Chapter 2 CCS Database
Unified CCS database aims to be a unified platform to host both literature-reported CCS values and in-silico predicted CCS values for ion mobility - mass spectrometry (IM-MS). It is open-access and downloadable. It contains 3,539 unified CCS values which are summarized from 5,119 experimental CCS records. These experimental CCS values are acquired with variable platform including DTIMS, TWIMS and TIMS etc., and have definitive confidence level. In addition, ~10,000,000 predicted CCS values are provided for ~1,700,000 small molecules from multiple public database to support widespread applications, including metabolomics, lipidomics, drug screening, pesticide screening etc (Table 2.1). For each compound, its compound card contains meta information, complete records and links to other database. Finally, users can search interested compounds’ CCS values with the function of “Browser” and/or “Advance search” in this part.
|1||KEGG||16085||Metabolites & lipids||2018-08-02||Kanehisa and Goto (2000)|
|2||HMDB||113989||Metabolites & lipids||2018-06-09||D. S. Wishart, Feunang, et al. (2017b)|
|3||LMSD||40532||Metabolites & lipids||2019-07-11||Fahy et al. (2008)|
|4||MINE||592175||Metabolites & lipids||2018-02-07||Jeffryes et al. (2015)|
|5||DrugBank||9546||Drugs & xenobiolics||2019-04-12||D. S. Wishart, Feunang, et al. (2017a)|
|6||DSSTox||856919||Drugs & xenobiolics||2019-05-06||M.Grulke et al. (2019)|
|7||UNPD||213188||Natural products||2019-06-13||Gu et al. (2013)|
|8||ZhuLab||1417||Metabolites & lipids||2018-09-02||Zhou et al. (2020)|
2.1 Compound Browser
Compound Browser Function provides a simple and straightforward way to browser the database. There are several browser conditions set in “Browser” part (Figure 2.1).
- Type: It provides the choice of CCS values generated from experiments or prediction.

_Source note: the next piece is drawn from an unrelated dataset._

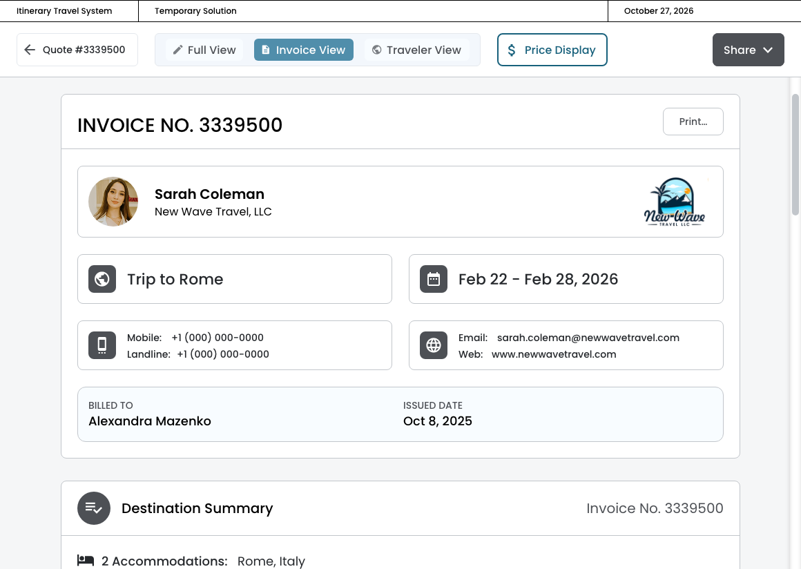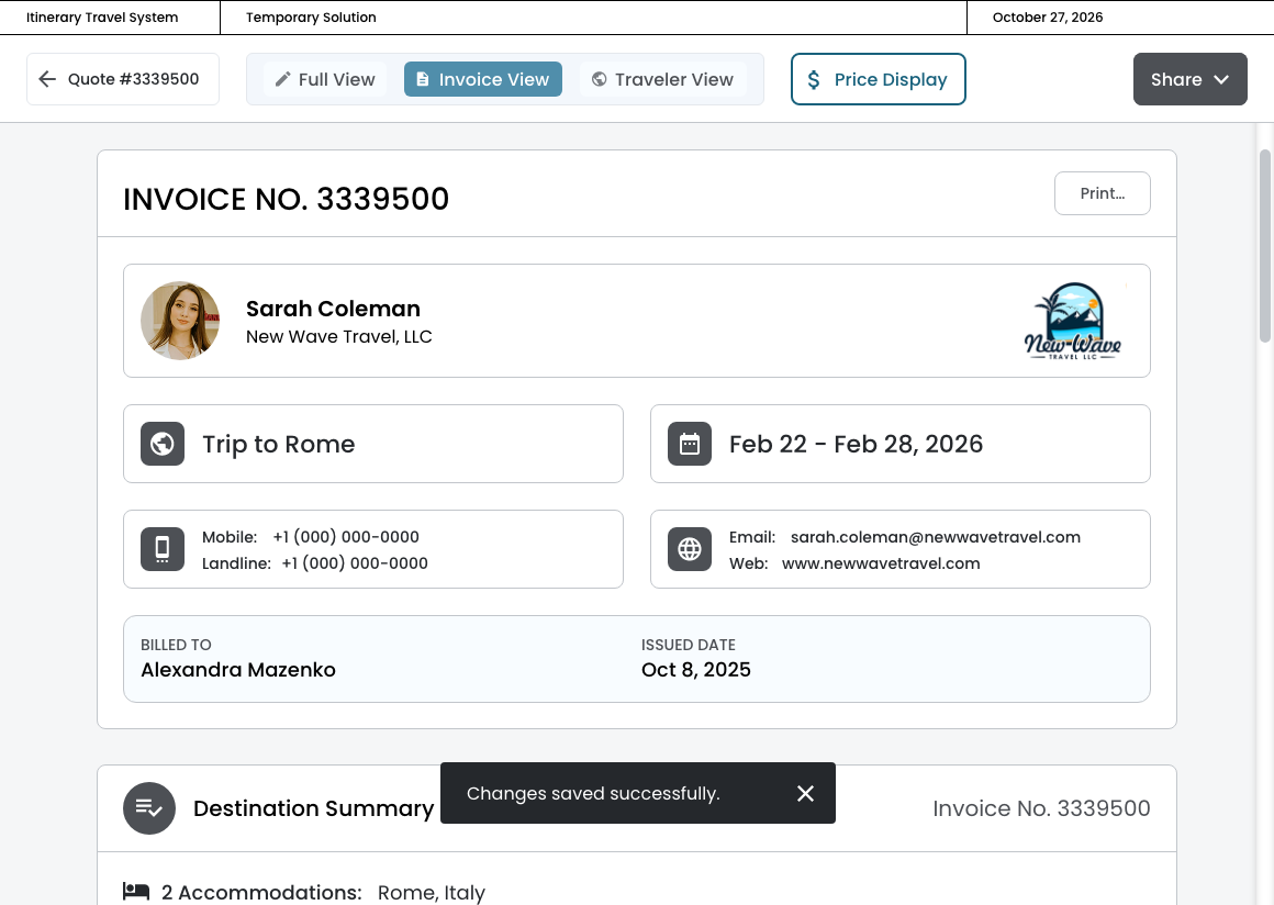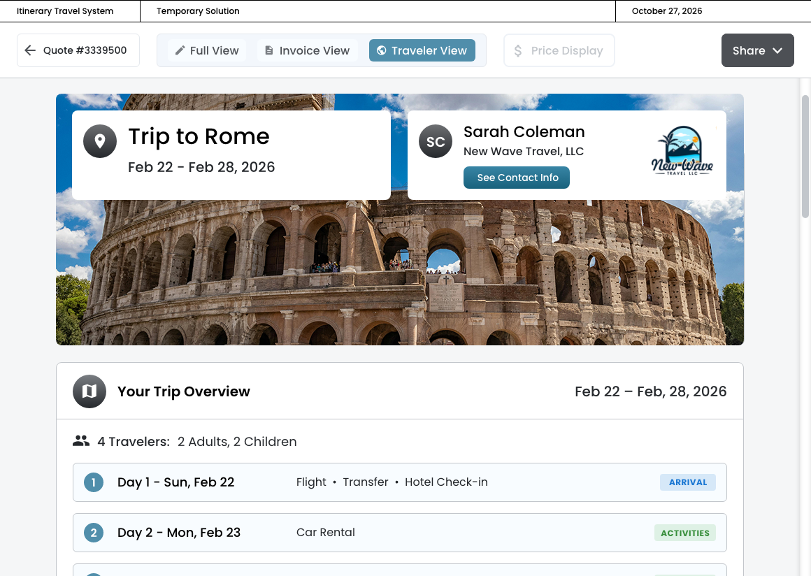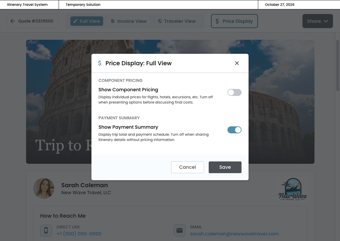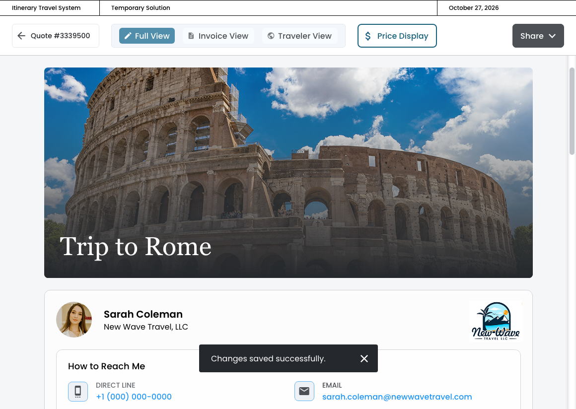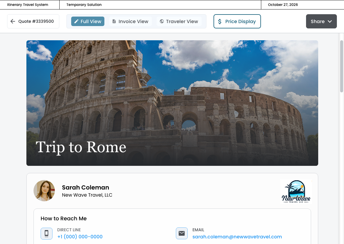 - Advisor enters the Preview & Share interface from the Quote Builder

- Database: this option includes variable databases that cover all compounds in our unified database (Table 2.1). And users can choose specific database(s) for further execution.
- Level: it includes confidence level (See Section 2.2) of compounds in the unified database. It helps to choose compounds in the clearly defined level.
With browser conditions, users can screen out a series of interested compounds. Compounds entries would be displayed according to defined condition. In below text, it contains brief information for each compound.
- AllCCS ID: As described in the section 1.2, users can click the link in the column of AllCCS ID to browse the corresponding compound card (Figure 1.2).
- Name: compound name
- Structure: the image of compound structure
- Formula: chemical formula
- Experimental CCS: The unified CCS value reported in literature (See Section 2.2.3)
- Predicted CCS: The predicted CCS values using machine-learning algorithm. (See Section 2.2.4)
- Highest level: The highest confidence level of CCS values (See Section 2.2.2)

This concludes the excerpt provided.